--- START ---
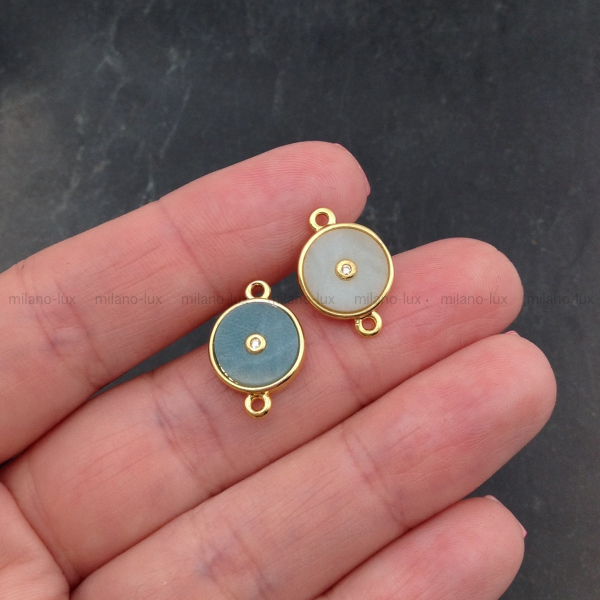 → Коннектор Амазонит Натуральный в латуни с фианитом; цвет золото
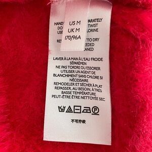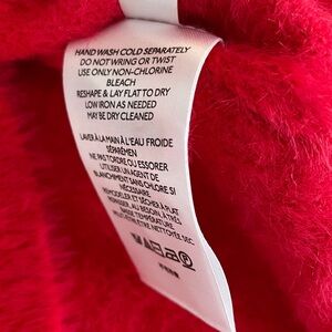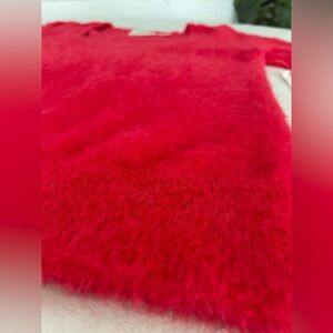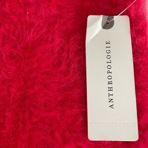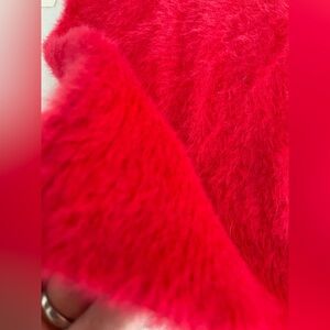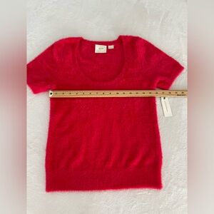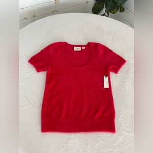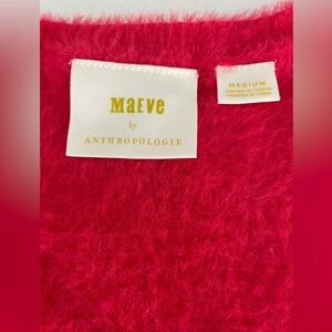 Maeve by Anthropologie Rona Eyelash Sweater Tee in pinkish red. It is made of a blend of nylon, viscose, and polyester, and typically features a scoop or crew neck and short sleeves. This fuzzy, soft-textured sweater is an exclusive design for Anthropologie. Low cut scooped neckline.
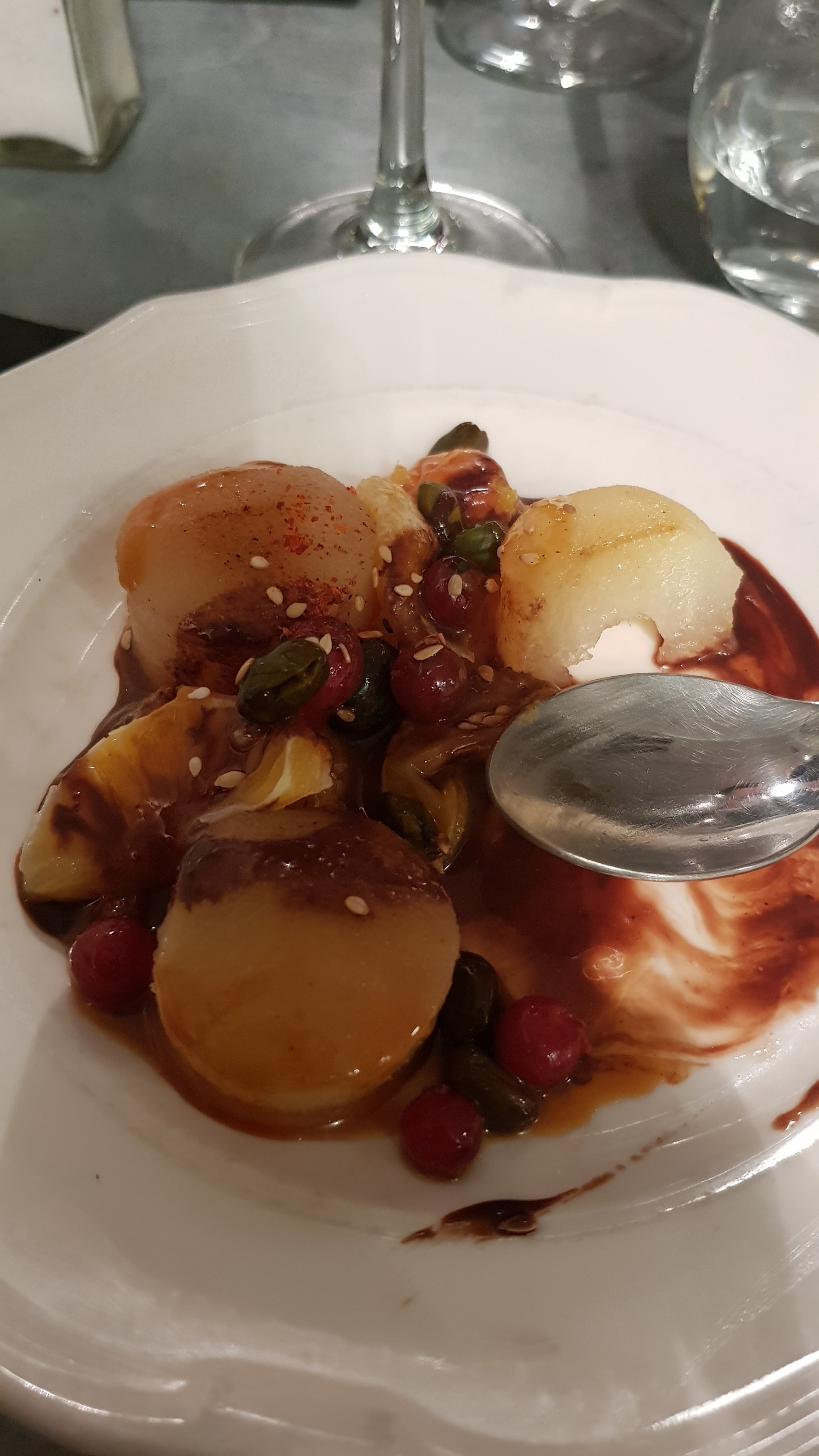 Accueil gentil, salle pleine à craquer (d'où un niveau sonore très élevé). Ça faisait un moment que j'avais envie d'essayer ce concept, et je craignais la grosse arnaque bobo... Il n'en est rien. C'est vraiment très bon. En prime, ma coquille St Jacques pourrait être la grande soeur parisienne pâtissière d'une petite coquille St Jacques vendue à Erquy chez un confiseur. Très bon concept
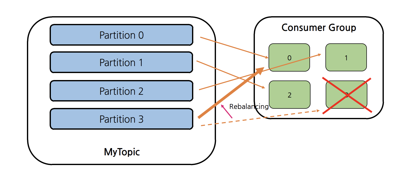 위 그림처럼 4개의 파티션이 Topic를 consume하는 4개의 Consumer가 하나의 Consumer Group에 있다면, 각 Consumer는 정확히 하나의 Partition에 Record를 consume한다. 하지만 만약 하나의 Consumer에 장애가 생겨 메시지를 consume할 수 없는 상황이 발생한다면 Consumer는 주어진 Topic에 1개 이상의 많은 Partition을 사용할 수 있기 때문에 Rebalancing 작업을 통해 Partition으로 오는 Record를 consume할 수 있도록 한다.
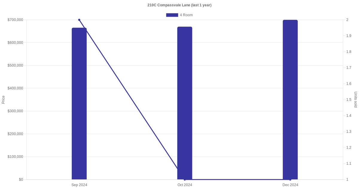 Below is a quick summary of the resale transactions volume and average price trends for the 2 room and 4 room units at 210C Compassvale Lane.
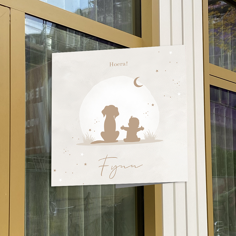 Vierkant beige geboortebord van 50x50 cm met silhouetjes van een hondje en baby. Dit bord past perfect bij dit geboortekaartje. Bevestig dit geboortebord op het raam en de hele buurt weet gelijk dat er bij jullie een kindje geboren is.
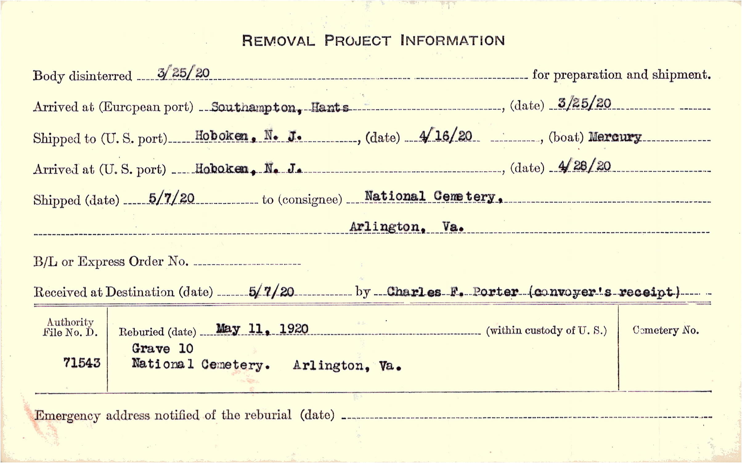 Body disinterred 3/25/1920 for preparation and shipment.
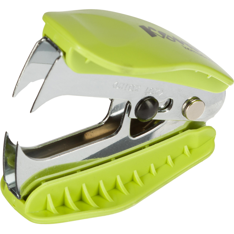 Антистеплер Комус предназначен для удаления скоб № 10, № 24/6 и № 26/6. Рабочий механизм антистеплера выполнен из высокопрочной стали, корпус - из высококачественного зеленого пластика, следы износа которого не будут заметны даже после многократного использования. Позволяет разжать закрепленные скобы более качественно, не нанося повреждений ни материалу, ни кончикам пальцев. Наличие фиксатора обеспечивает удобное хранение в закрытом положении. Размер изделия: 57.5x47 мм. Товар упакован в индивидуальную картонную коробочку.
--- END ---
--- START ---
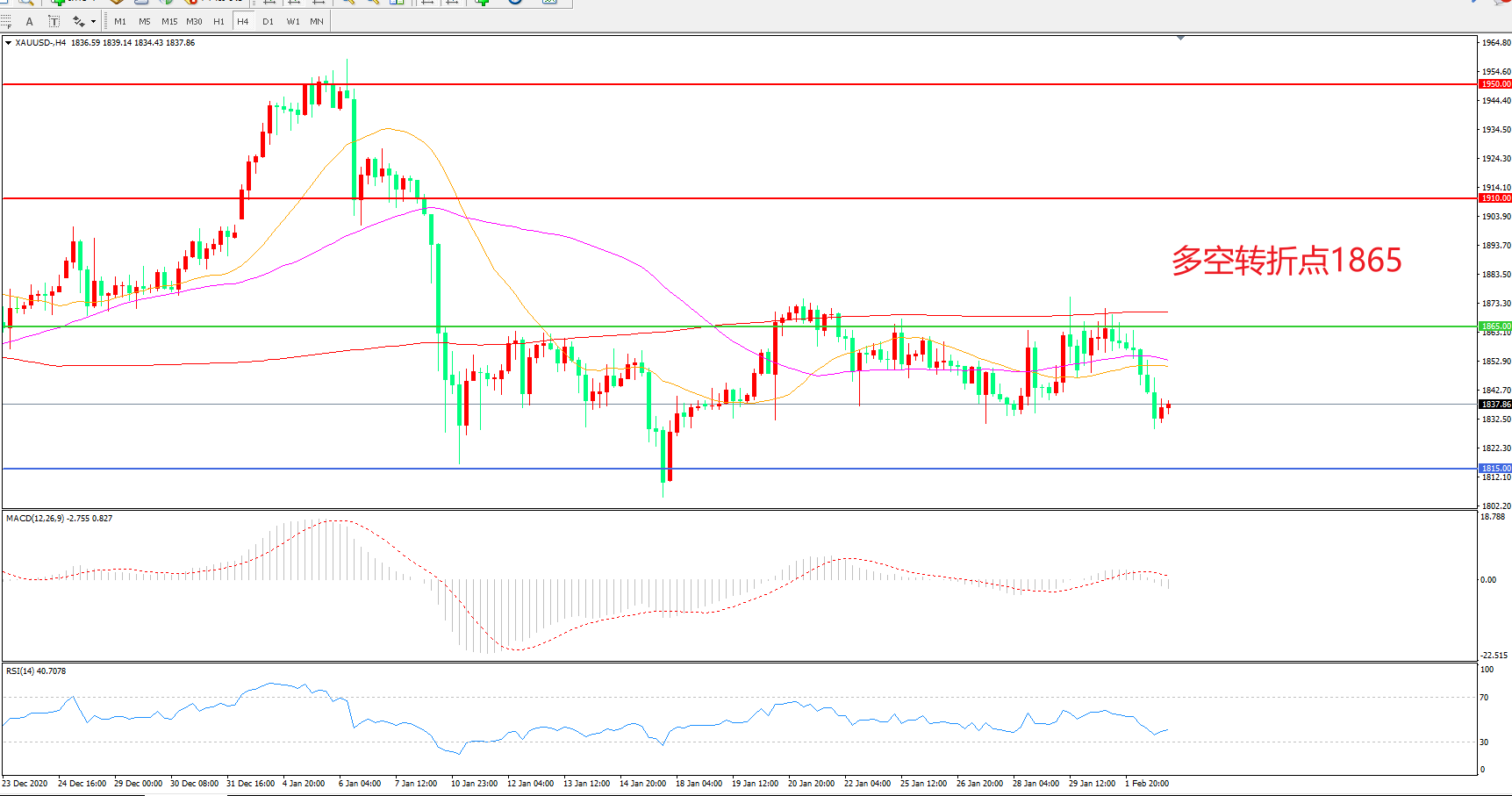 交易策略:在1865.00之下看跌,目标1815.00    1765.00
--- END ---
--- START ---
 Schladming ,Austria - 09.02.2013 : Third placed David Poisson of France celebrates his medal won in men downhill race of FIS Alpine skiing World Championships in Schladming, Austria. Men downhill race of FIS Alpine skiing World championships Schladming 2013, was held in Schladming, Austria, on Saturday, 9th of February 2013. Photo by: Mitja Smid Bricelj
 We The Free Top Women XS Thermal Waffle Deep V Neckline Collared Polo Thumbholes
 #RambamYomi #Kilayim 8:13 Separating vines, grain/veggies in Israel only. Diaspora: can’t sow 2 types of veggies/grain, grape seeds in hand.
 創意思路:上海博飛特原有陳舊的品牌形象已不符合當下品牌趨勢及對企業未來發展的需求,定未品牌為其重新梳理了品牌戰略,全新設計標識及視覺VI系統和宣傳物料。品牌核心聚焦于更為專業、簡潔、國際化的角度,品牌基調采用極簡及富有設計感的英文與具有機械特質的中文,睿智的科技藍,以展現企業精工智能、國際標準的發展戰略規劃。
--- END ---
## Directions for this task
Start with the line above that contains "Schladming ,Austria - 09.02.2013" and end with the line that contains "創意思路:上海博飛特原有陳舊". Write out those lines exactly, and only those.

## Answer to the problem
 Schladming ,Austria - 09.02.2013 : Third placed David Poisson of France celebrates his medal won in men downhill race of FIS Alpine skiing World Championships in Schladming, Austria. Men downhill race of FIS Alpine skiing World championships Schladming 2013, was held in Schladming, Austria, on Saturday, 9th of February 2013. Photo by: Mitja Smid Bricelj
 We The Free Top Women XS Thermal Waffle Deep V Neckline Collared Polo Thumbholes
 #RambamYomi #Kilayim 8:13 Separating vines, grain/veggies in Israel only. Diaspora: can’t sow 2 types of veggies/grain, grape seeds in hand.
 創意思路:上海博飛特原有陳舊的品牌形象已不符合當下品牌趨勢及對企業未來發展的需求,定未品牌為其重新梳理了品牌戰略,全新設計標識及視覺VI系統和宣傳物料。品牌核心聚焦于更為專業、簡潔、國際化的角度,品牌基調采用極簡及富有設計感的英文與具有機械特質的中文,睿智的科技藍,以展現企業精工智能、國際標準的發展戰略規劃。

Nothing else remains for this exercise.